Geoffrey Heeren on Plenary Power and the Supremacy Clause

Geoffrey Heeren has posted “Native Nations, Noncitizens, and the Supremacy Clause,” forthcoming in the Brooklyn Law Review, on SSRN.

Here is the abstract:

Native Nations and noncitizens have often prevailed in the face of adverse state action by asserting treaty rights, arguing that state actions are preempted by federal authority, or relying on federal common law. These claims are largely rooted in the Supremacy Clause of the United States Constitution, rather than Native Nations’ or noncitizens’ rights of their own. At the same time, the Supremacy Clause jurisprudence that developed as Native Nations and noncitizens raised these claims coincided with the growth of federal “plenary power” in both areas, depriving immigrants and Native Nations of strong rights of their own when faced with federal action.

The Supreme Court’s approach to the Supremacy Clause in immigration and federal Indian law is inconsistent with the textualist and originalist method preferred by its majority. Existing scholarship has extensively examined the Supremacy Clause through a textualist lens, but has not addressed federal Indian law and immigration law. This is a particularly stark omission since much Supremacy Clause litigation centers on the experience of Native Nations and noncitizens. This article offers a new framework for Supremacy arguments in Immigration and federal Indian law. Under a textualist reading of the Supremacy Clause, the Court should alter its doctrine concerning self-executing treaties, return to an approach grounded in the inherent sovereignty of Native Nations rather than federal common law, and abandon its strongest form of “plenary power preemption.”

Finally, the article situates these supremacy claims within the larger landscape of the Court’s retrenchment from anti-subordination principles and growing solicitude toward states’ rights. Moving forward, preemption claims may be less effective for the immigrants or Native Nations that assert those claims against states. Moreover, preemption arguments reify the experiences of noncitizens and Native Nations by translating them into arguments about federal power. In contrast, rights claims—even when they do not prevail—can mobilize and ground a political strategy for subordinated groups. In this shifting doctrinal landscape, treaty rights claims may be the supremacy arguments most likely to support a multifaceted movement to empower some historically disempowered groups.

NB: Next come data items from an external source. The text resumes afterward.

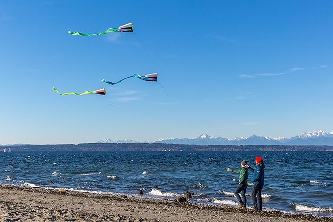 素晴らしいスターターカイトは、これほど簡単でも簡単でもありません。ポーチから取り出し、ラインにクリップで留めて飛ばすだけです。 ポケットフライヤーはポケットやグローブボックスに収まるので、冒険に行く場所ならどこへでも飛行できます。 シングルラインコントロールで飛ばしやすく、非常に丈夫です。 オールファブリックデザインにより、組み立てるものがなく、高品質の編組ラインと小さな手にぴったりフィットするコンパクトなフープワインダーですぐに飛ばせます。 ユニークなフォークテールは、不安定な風でもさらに安定し、遠くから目を引く色のしぶきでスポットをマークします。 あらゆる年齢の方に最適なギフトです。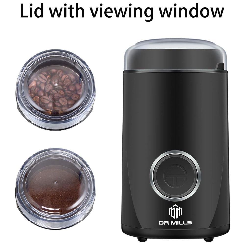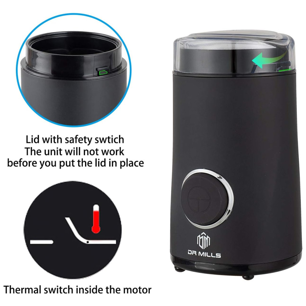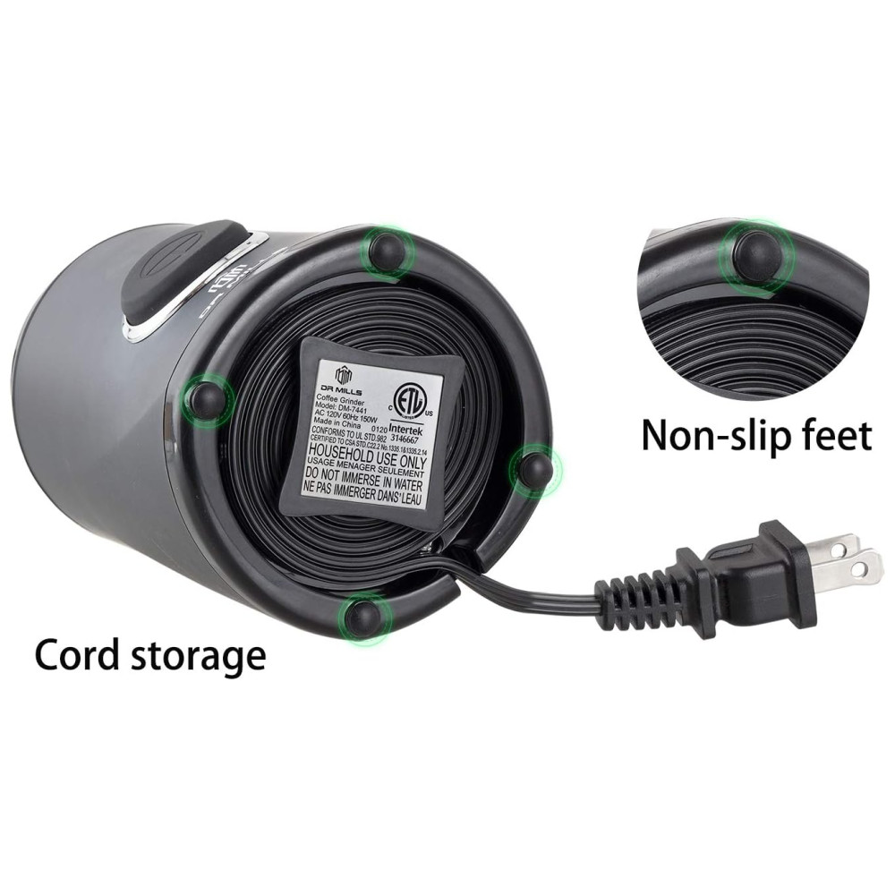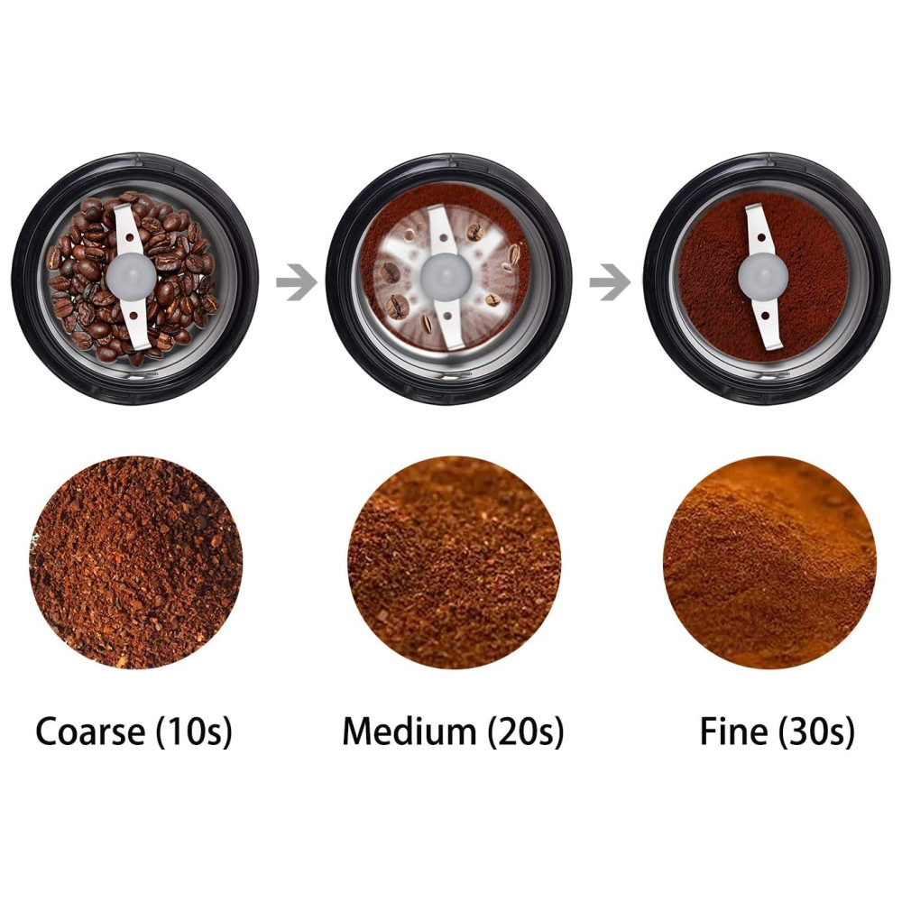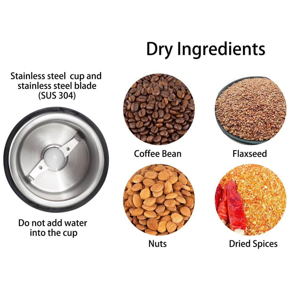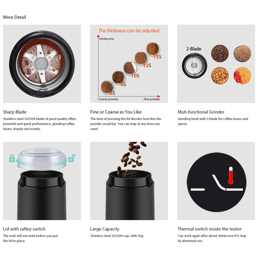 Alimentação 150 W, 120 V, 60 Hz Capacidade de 50g, rendimento de até 7 xícaras de café Ótimo para moer grãos de café, especiarias secas, nozes e grãos. Aprovação ETL Livre de BPA Com escova para fácil limpeza Tampa com janela de visualização Lâmina e copo feitos de aço inoxidável SUS304, sem ferrugem Pés antiderrapantes para uso Com zenamento de cabo Segure o botão para operação, solte para uma parada para facilitar o uso Torne grosso e fino operando em tempos diferentes. Tampa com interruptor de segurança para uso Com o interruptor térmico, pode funcionar novamente após cerca de 30 minutos de descanso se parar por uso anormal.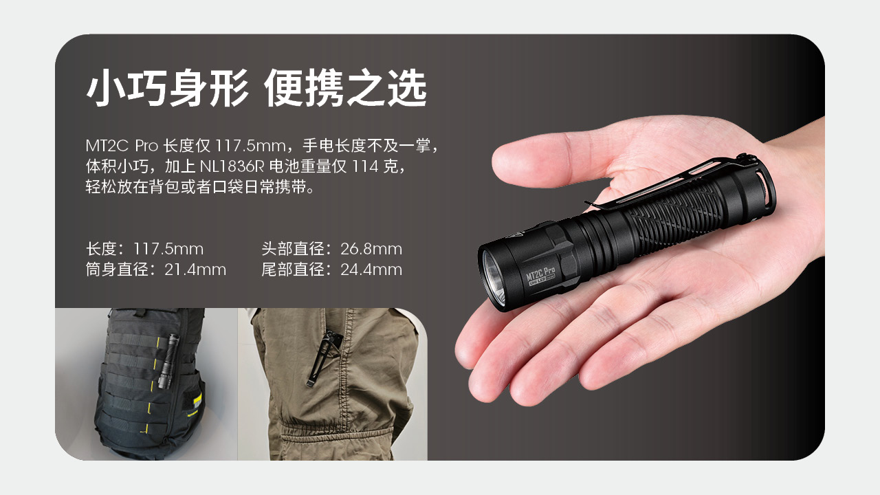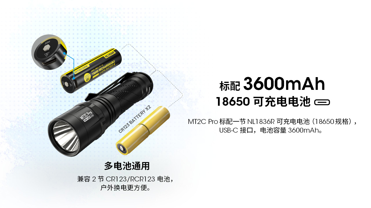 NITECORE奈特科尔MT2C PRO便携战术户外应急EDC家用18650手电筒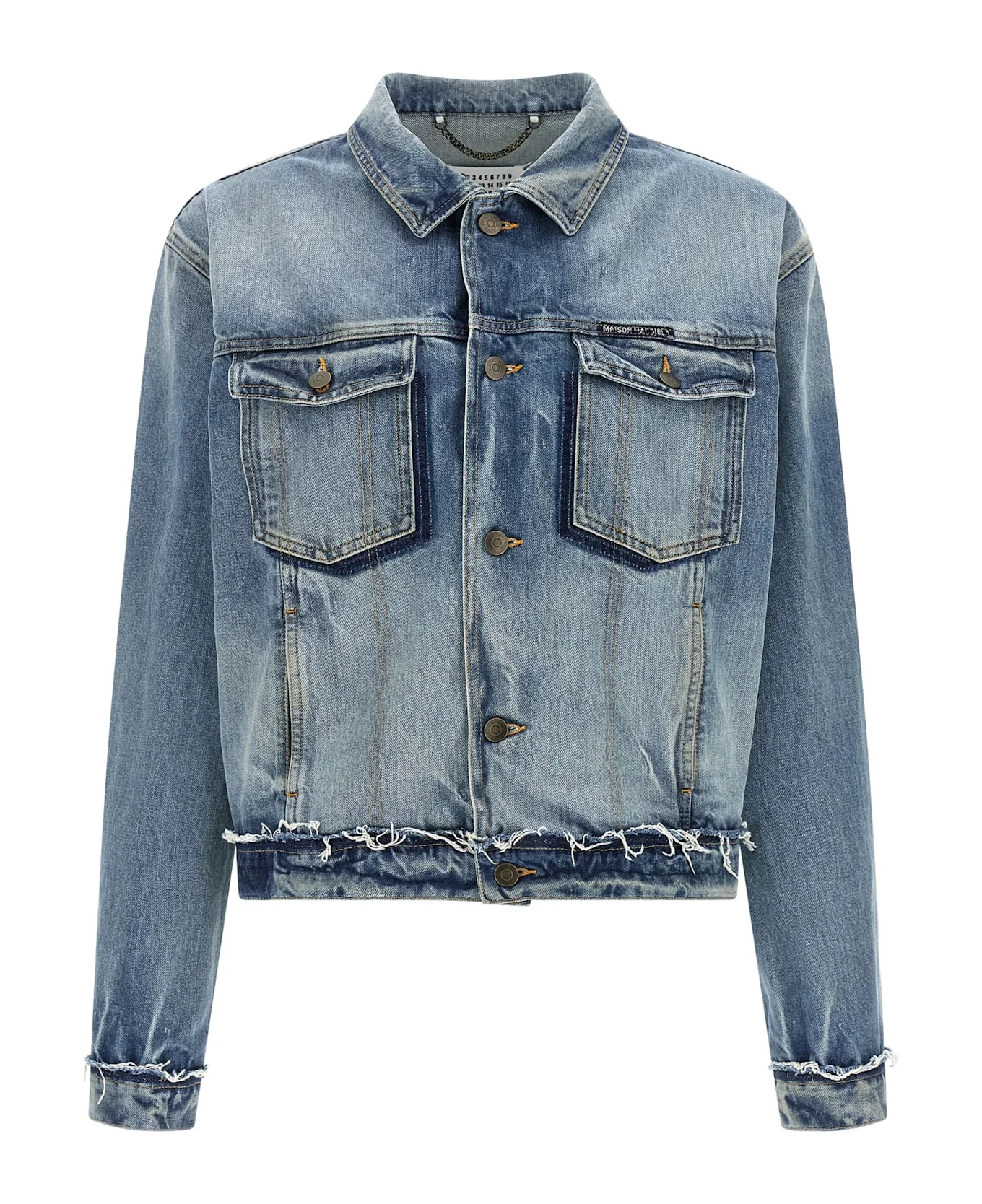 Used-effect washed cotton denim jacket, contrast stitching, frayed hems, shirt collar, front button closure, pockets, long cuffed sleeves, back 'Four Stitches'. Composition: 100% cotton Made in: Italy Color: Light Blue Size and fit: - true to size fit Model number: S51AM0517S30561987

Michael Doran on the Implications of Oklahoma v. Castro-Huerta

Michael Doran has posted “Tribal Sovereignty Preempted,” forthcoming in the Brooklyn Law Review, on SSRN. Here is the abstract:

In June of 2022, the U.S. Supreme Court held in Oklahoma vs. Castro-Huerta that a state may prosecute a non-Indian for a crime committed against an Indian within Indian country. That decision effectively overruled Worcester vs. Georgia, an 1832 landmark case in which Chief Justice Marshall said that state law “can have no force” in Indian country. Although the conventional wisdom sees Castro-Huerta as a radical departure from first principles of federal Indian law, I argue that it is the natural – although deeply deplorable – next step in a long line of Supreme Court decisions expanding state governmental authority within Indian country. Additionally, this line mirrors a separate line restricting tribal governmental authority within Indian country. Through a critical examination of these decisions, I show how the Supreme Court over the last half century has systematically privileged state interests and the interests of individual non-Indians over tribal interests and that, in so doing, the Court has arrogated to itself the political function of defining tribal sovereignty. I argue that Congress should reject the Court’s relentless subordination of Indian interests to non-Indian interests and reassert its role in defining and defending a robust conception of tribal sovereignty.